NU Online News Service, May 20, 2004, 6:17 p.m. EDT – A key pension group says the federal government should make all defined benefit plans, including very small 412(i) plans, file annual Form 5500-series tax forms.[@@]
Requiring 412(i) plans with less than $100,000 in assets to file annual tax forms with the Internal Revenue Service would help the IRS maintain the integrity of the 412(i) plan market, according to a group of 5 leaders of the American Society of Pension Actuaries, Arlington, Va.
“Apparently, some promoters of 412(i) plans are encouraging sponsors of owner-only plans to structure their programs so that the value of the insurance products funding the plan never reaches $100,000,” the actuaries write in a letter commenting on IRS efforts to update 412(i) plan regulations.
Some plan sponsors think that avoiding Form 5500 filings can help them “hide” from the IRS and avoid plan audits, the ASPA actuaries write.
The authors of the letter include ASPA Executive Director Brian Graff, the chair of ASPA’s administration relations committee and the 3 co-chairs of ASPA’s government affairs committee.
Section 412(i) of the Internal Revenue Code lets employers use guaranteed life insurance policies and annuity contracts to fund simple defined benefit retirement plans.
Because the sponsors must use funding vehicles that offer guaranteed benefits, the IRS exempts them from some of the recordkeeping requirements and other requirements that it imposes on bigger, more complicated defined benefit plans, including annual Form 5500 filing requirements.
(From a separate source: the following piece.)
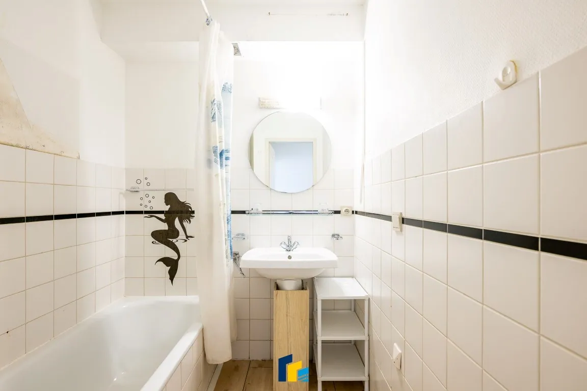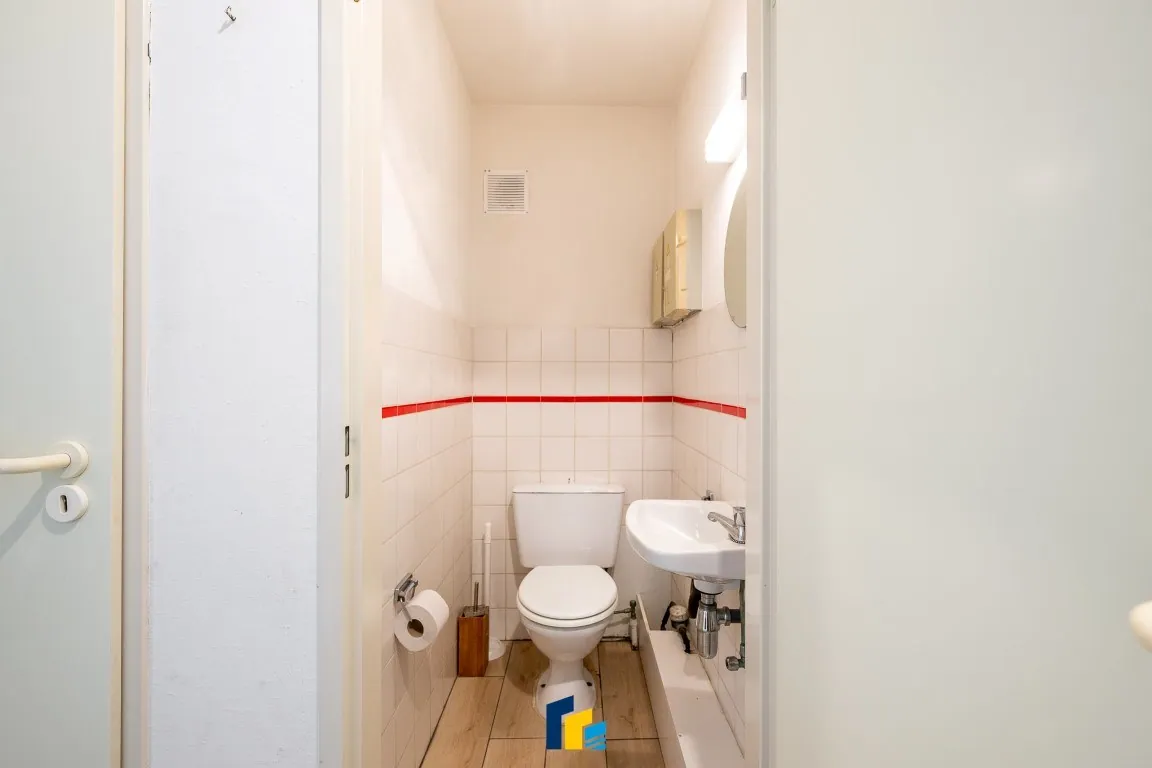 Verder beschikt het appartement over een apart gastentoilet, een badkamer met ligbad, wastafel en een tweede – afzonderlijk – toilet, wat zorgt voor extra comfort en privacy. De slaapkamer is ruim bemeten en biedt voldoende plaats voor een dubbel bed en opbergmogelijkheden.

In the 1990s, business owners were more interested in defined contribution plans than defined benefit plans, but 412(i) plans have been getting more attention since the stock market slumped in 2001. Some business owners like the idea of guaranteeing large, steady retirement benefit payments, and owners also have discovered that the low rates of return on guaranteed plan funding vehicles mean that they can deduct huge plan contributions from taxable income.
The IRS has been looking at the 412(i) plan market because of allegations that some companies have been selling overly aggressive life insurance policies, or “sponge policies,” that have an artificially high annual premium and a suppressed cash value in the first several years of the policy’s existence, according to the authors of the ASPA comment letter.
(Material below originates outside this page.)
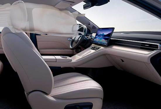 内饰部分,新车提供燕麦奶白、暖绒浅棕、大溪地灰三种配色方案可选。中控台造型简约精致,配备8.88英寸全液晶仪表盘及14.6英寸中控大屏,内置ADiGO车载智能系统,AI语音接入DeepSeek大模型,支持连续10条指令同时响应。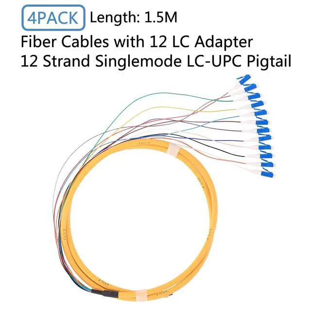 Number of plugs: 1000ApplicationTelecom and Datacom, Storage Network, CATV & Multimedia Application, Systems Integration for Long Haul, Metro and Access Network, Fiber to the Indoor (FTTX) Test. Package Included4 x 12 Strand Fiber Optic Pigtail Cable with 12 Strand LC-UPC Connectors which connect to the end equipment, like an adapter panel or optical transceiver.

Promoters also design the typical aggressive sponge policy so that the cash value will go up dramatically after the anticipated distribution from the plan to the insured, the ASPA leaders write.
The sponge policies artificially inflate 412(i) plan sponsors’ tax deductions and artificially deflate the amount of taxes that participants pay on the distributions, the ASPA leaders write.
The IRS has proposed a regulation that would affect valuation of life policies in all defined benefit pension plans, not just 412(i) plans.
The ASPA leaders argue that the IRS should explicitly state its intent to prohibit use of sponge policies in the 412(i) market.
The authors of the comment letter also recommend that the IRS come up with a clear-cut way to value the life insurance policies and annuities used to fund 412(i) plans and other defined benefit plans, to ease the worries of legitimate sponsors and keep sponsors of abusive plans from taking advantage of imprecise language.